↓

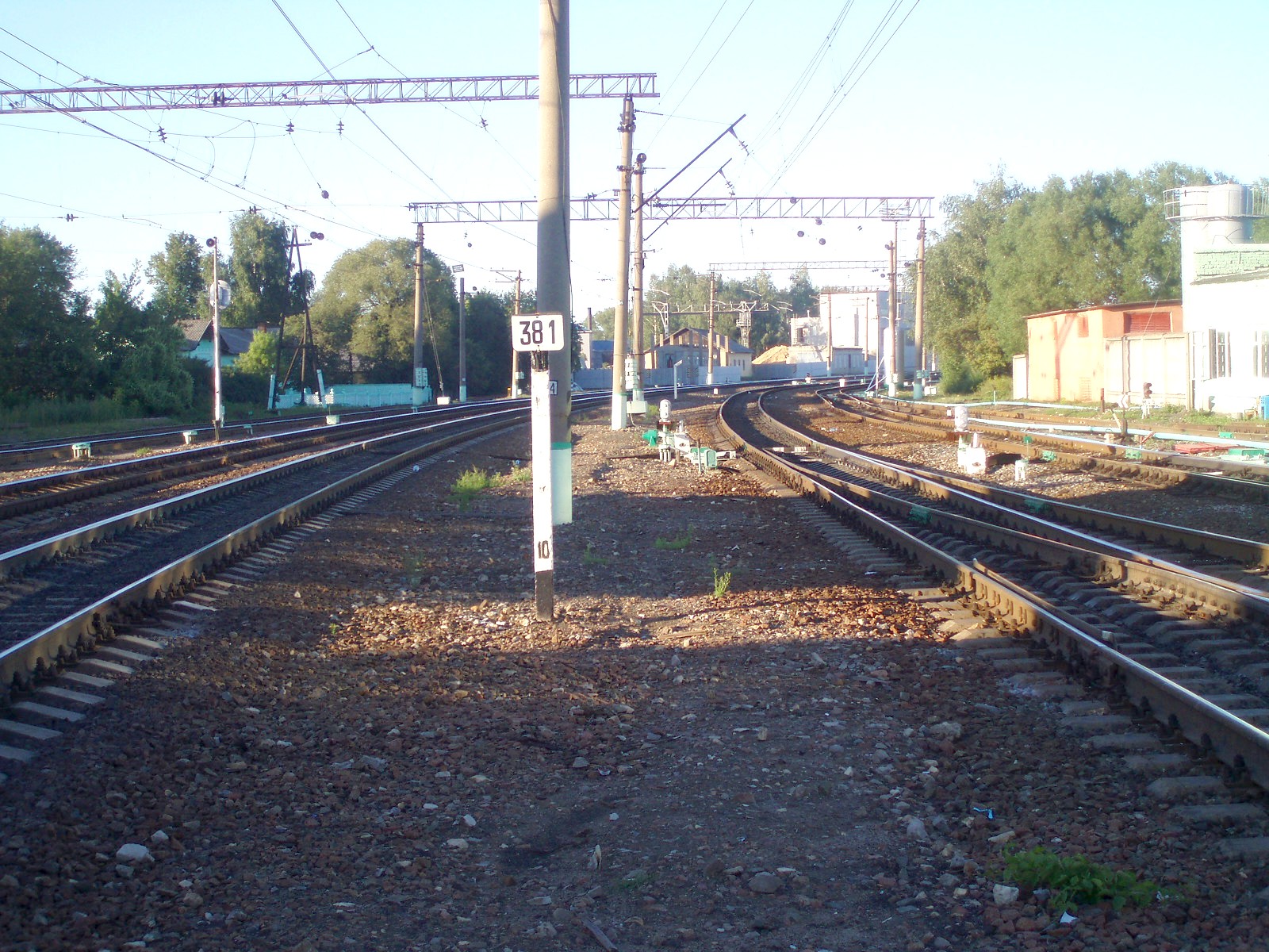 Пути на станции Сасово. Вид в западном направлении. Вдали находится вокзал.
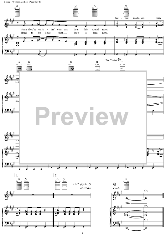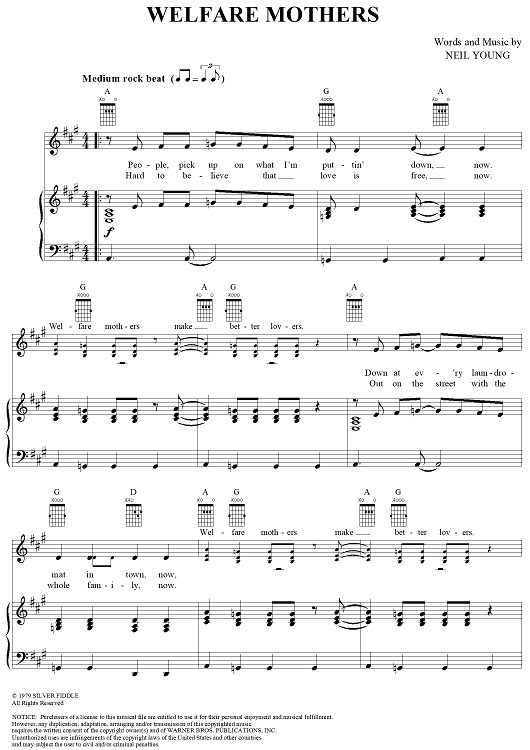 Digital Sheet Music for Welfare Mothers by Neil Young scored for Piano/Vocal/Chords; id:318507
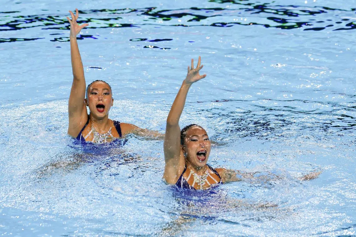 Singaporean artistic swimmers Yvette Chong (left) and Debbie Soh competing in the women’s duet technical event at the World Aquatics Championships on July 18.
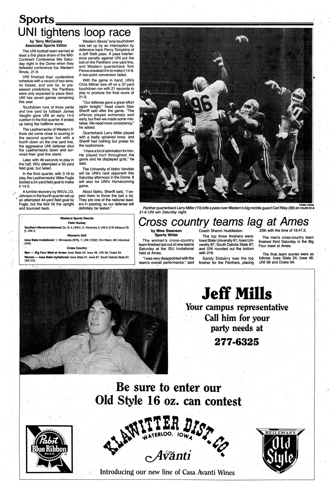 UNI tightens loop race UNI defeated Western Illinois, 21-9, in the UNI-Dome on Saturday; photo.
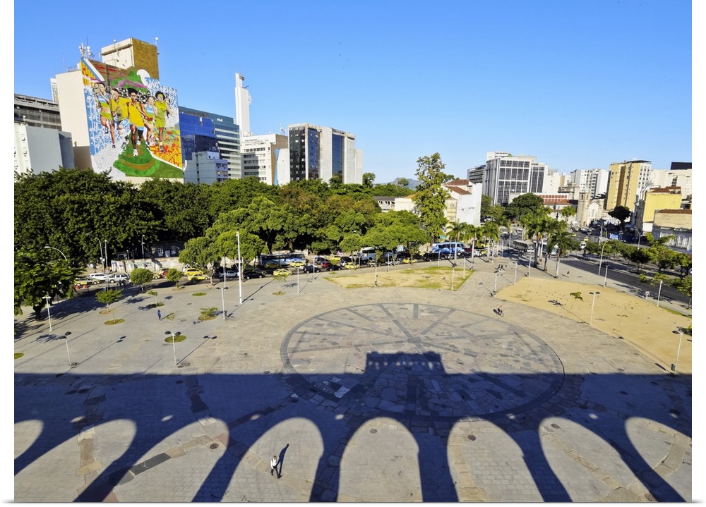 <p>Brazil, City of Rio de Janeiro, Lapa, Shadow of the Tram crossing the Carioca Aqueduct casted on Largo da Lapa.</p>
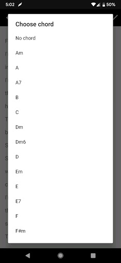 Chords Song Writer is an application that allows you to add chords to your songs!
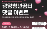 광양 코리아피플뉴스2025. 02.21[코리아피플뉴스]광양시와 광양청년꿈터가 지역 청년들의 목소리를 직접 듣기 위해 오는 3월 10일까지 ‘양청년꿈터 댓글 이벤트’를 진행한다. 광양시에 거주하는 18세부터 45세까지의 청년이라면 누구나 이번 이벤트에 참여할 수 있다. 참여 방법은 간단하다. 먼저 광양청년꿈터 인스타그램을 팔로우하거나 네이버 블로그를 이웃 추가한 뒤, ‘광양청년꿈터에 바라는 점’ 게시글에 희망 프로그램이나 청년정책에 대한 의견을 댓글로 작성하면 된다. 이후, 팔로우 인증과 댓글 작성 화면을 네이버 폼으로 제출하면 참여가 완료된다. 휴대전화 번호…
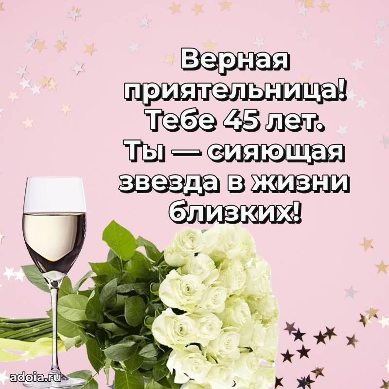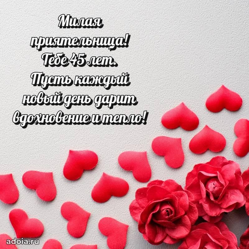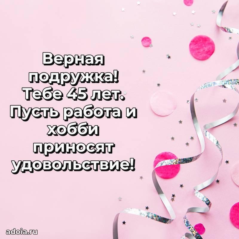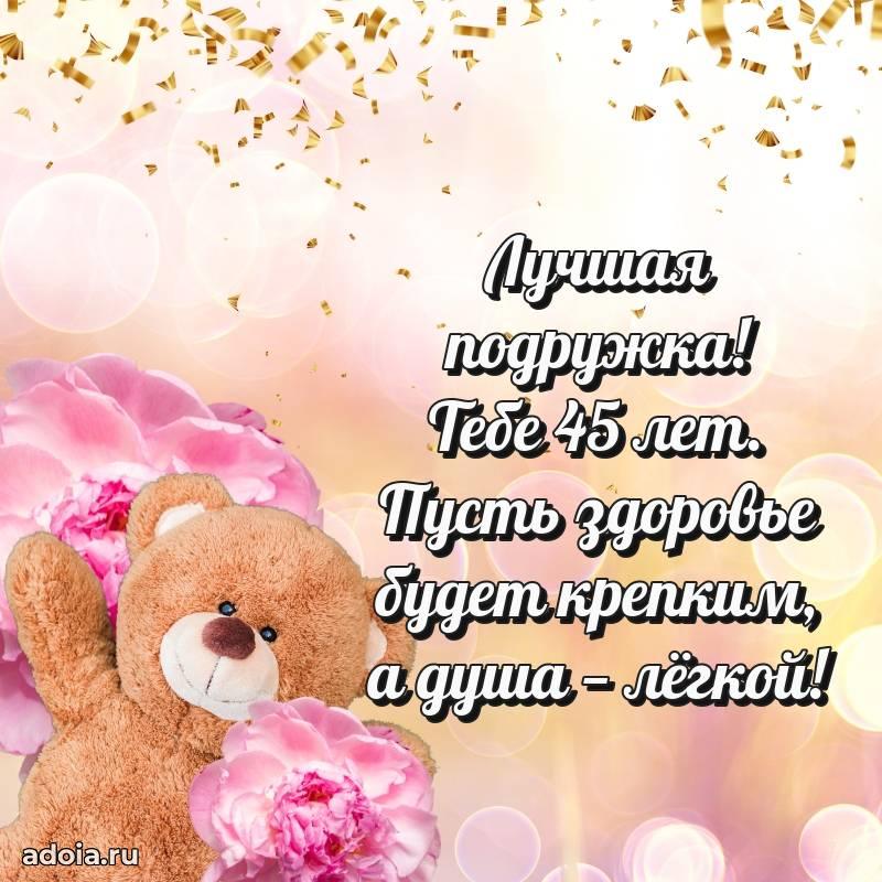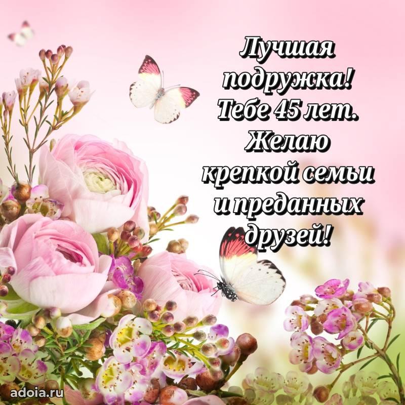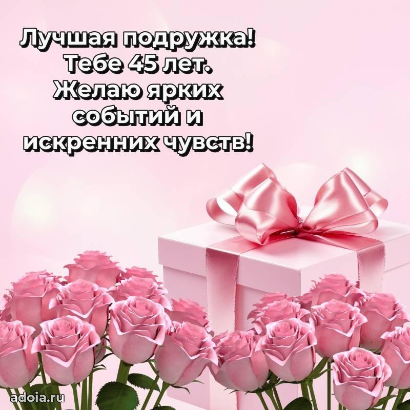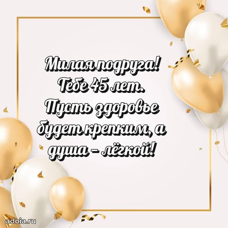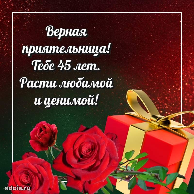 В поисках красивых и современных открыток? Вы попали по адресу! Здесь вы найдете картинки с днем рождения Подруге на 45 лет! Все картинки в высоком качестве, которые можно скачать или отправить через WhatsApp бесплатно. Также вы найдете много прикольных и мерцающих гифок и анимаций, которые поднимут настроение! Все открытки содержат поздравления в стихах и прозе.

↑

Task objective:
What you write out is the stretch of entries from the line containing "UNI tightens loop" to the line containing "Chords Song Writer", word for word, with both end lines and no pictures.

Solution to this task:
 UNI tightens loop race UNI defeated Western Illinois, 21-9, in the UNI-Dome on Saturday; photo.
 <p>Brazil, City of Rio de Janeiro, Lapa, Shadow of the Tram crossing the Carioca Aqueduct casted on Largo da Lapa.</p>
 Chords Song Writer is an application that allows you to add chords to your songs!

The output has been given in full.